I am here with Dr. Jerome Kim, who is the Director-General of the International Vaccine Institute, IVI, and an International Expert on the evaluation and development of vaccines. It’s nice to have you here, Dr. Kim.

My pleasure, Diane.

I was looking forward to this because we were introduced through our mutual friend, Rich Lofgren. I know you’re doing some interesting work in the area of looking at vaccines. I know COVID-19 is such a huge problem in the world. You’ve done work with the cholera vaccine. I was looking at the list of things. Before I give too much information, I’d like to hear from you about what you’ve worked on and how you got to this level.

It’s a long story. It’s a wonderful thing when the military will pay for medical school, and they did that. I was working on HIV at Duke and I thought I was going to go on and do faculty stuff. When I got my first grant, I wrote back to the Air Force and said, “Can I have a further deferment?” It was the start of the Gulf War. They said, “Wait a second. Where are you and why aren’t you in the Air Force?” Before I knew it, I was assigned to the Walter Reed Army Institute of Research, working for a guy named Bob Redfield. He’s the Director of CDC in 2020, doing HIV vaccine research. Right after that, Bob left. I left with him to go to the University of Maryland. Eventually, Debbie Birx invited me back into the army to work on the HIV vaccine. I go back a long way with them.

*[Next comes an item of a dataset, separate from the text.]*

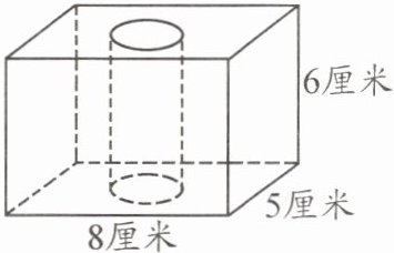 14. (2025·编写)如图,在一个长8厘米、宽5厘米、高6厘米的长方体中,从上面到底面挖一个底面半径是2厘米的圆柱体孔,剩下部分的体积是多少?剩下部分的表面积与原来相比是增加了还是减少了多少?(结果用π表示)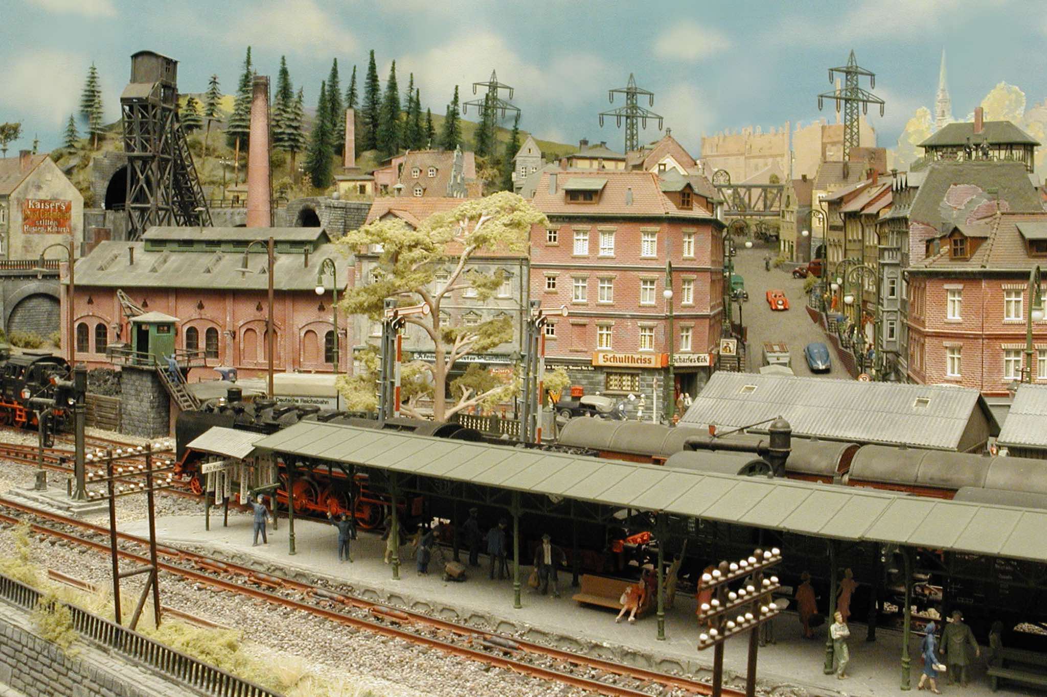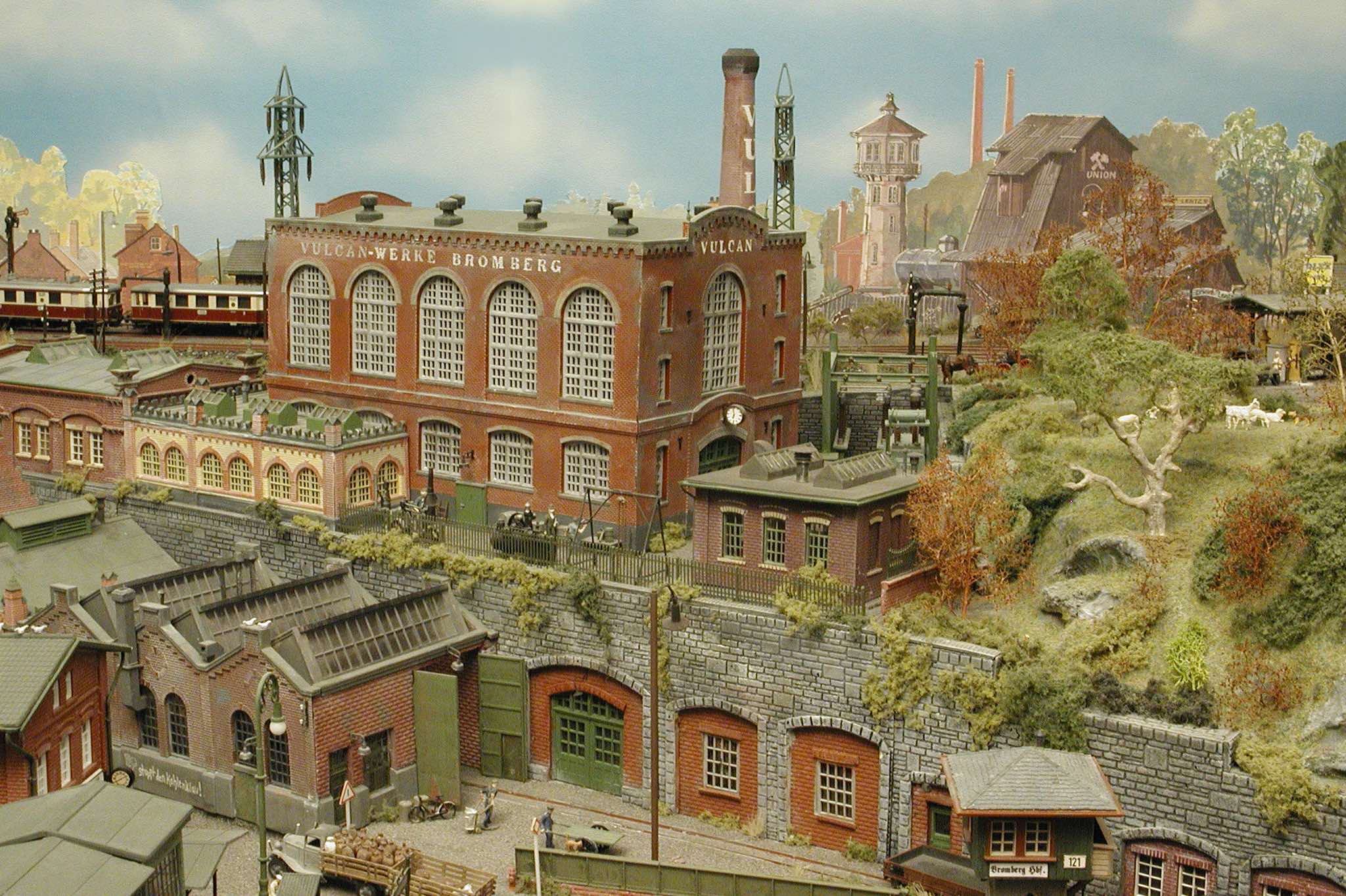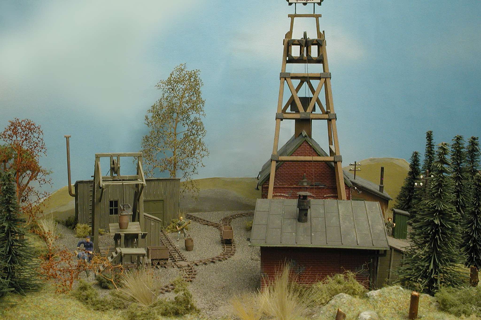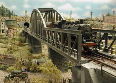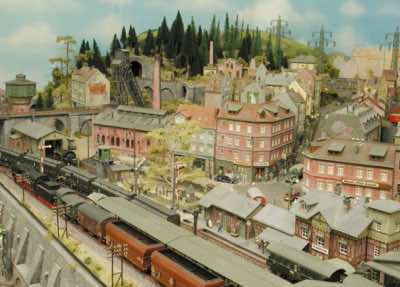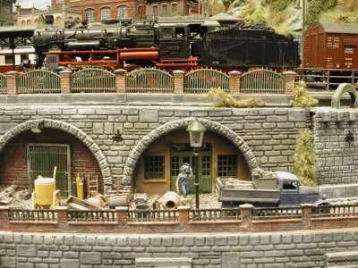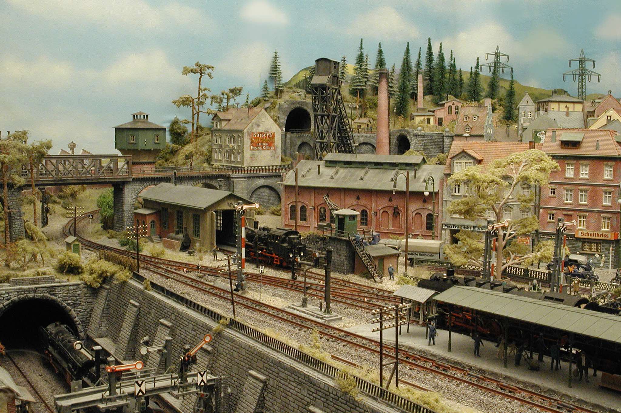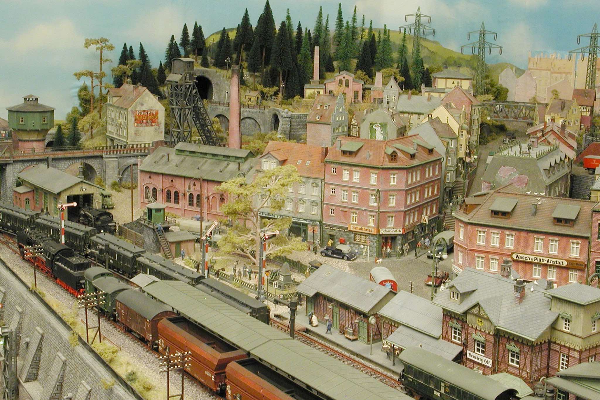 In vielen Fachzeitschriften und Anlagen-Reports holte ich mir Anregungen und Ratschläge für den Aufbau meiner Anlage. Grosse Vorbilder sind und waren für mich die "alten Hasen" wie Bernd Schmid mit den vielen interessanten Vorlagen, die meist in Märklin-Magazinen erschienen sind. Die fantastische Anlage von Wolfgang Borgas sowie die Großstadt-Anlage von Eberhard Schulze, welche beide in Miba Reports vorgestellt wurden, inspirierten mich ebenso wie die Skizzen und Zeichnungen von "Pit-Peg", die eine wahre Fundgrube darstellen und meine Phantasie anregten. Sehr reizvoll war für mich auch, durch Kombinieren und Abwandeln bekannter Bausätze und Bauteile, individuelle Gebäude zu schaffen, die so nicht im Handel zu erwerben sind. Viele Gebäude auf meiner Anlage wurden nach diesem Prinzip erstellt. Mit etwas Farbe - an den richtigen Stellen und mit der richtigen Technik aufgetragen -, lässt sich ja ohne sonderlich grossen Aufwand die realistische Wirkung von Gebäuden erheblich steigern. Viele Ausstattungs- und Kleinteile stammen übrigens auch von englischen und amerikanischen Herstellern. So sind bei den Automodellen neben den Produkten der bekannten Marken wie Marken wie Brekina, Wiking, Roskopf und Busch auch Modelle, die aus Bausätzen von Woodland-Scenics und Jordan entstanden sind, zu sehen. Der Zusammenbau dieser filigranen Weissgussmetall- oder Polystyrol-Bausätze ist oft eine recht anspruchsvolle Angelegenheit. Die Landschaft wird von den verschiedenen Industriebauten und Zechenanlagen mit Fördertürmen geprägt.

At the end of twenty years, after having done a phase three trial in Thailand that was the first and, at this point still, the only crowd that showed an HIV vaccine could protect against infection, I was eligible to retire. A job at IVI opened up. IVI works on everything but HIV. It was a perfect way to complement an interest that I had in understanding how other vaccines are developed. The beauty of IVI is that it’s an international organization. It’s a little odd, like the United Nations or WHO, but it’s the only international organization that develops vaccines. Rather than publish papers in science, nature, and cells, we focus on getting a vaccine from our laboratory through all the stages of testing. We transfer it to a company that can make it. We help the company, usually with funding from the Gates Foundation or Korea or Sweden or India, one of our state funders. We get it approved. The World Health Organization approves it. It’s eligible for purchase by UN organizations.

The oral cholera vaccine developed at IVI is 80% to 90% of the current stockpile. We don’t benefit from it but we’ve made a vaccine that the world benefits from. In 2020, we have a typhoid vaccine that’s in late phase three. We’re also working on other vaccines. We’re trying to figure out what the next vaccine will be. Our model is to identify a disease that’s a big problem in developing countries, learn how to make a vaccine that will work against it, work with funders and companies to make a vaccine, prove that it works, get it tested, approved, and then make sure that countries have it available to use. COVID is a lot like that.

I’m trying to decide which way I want to go first because there’s so much out there. Having worked in pharmaceutical sales, I dealt more with bacteria than viruses. I sold antibiotics and many different drugs in the past. It was challenging. At one point, I sold Cipro and those types of drugs. One of the hardest things to learn is all the pathogen names and all the things that go along with it. I actually ended up with meningitis later. I had viral meningitis and not bacterial meningitis, which I eventually heard was a good thing. In our minds, we think viruses are almost worse than bacteria because we have these medications for bacterial infections. On viruses, you don’t hear many helpful solutions. When I had meningitis, they told me that the bacteria left behind much worse remnants. That was why it was dangerous. It was good that I had viral meningitis instead of the other. A lot of people are confused between the virus and the bacteria. Why are we able to get some of these bacterial medications? Why is it hard to get anything to cure a virus? Why is it difficult?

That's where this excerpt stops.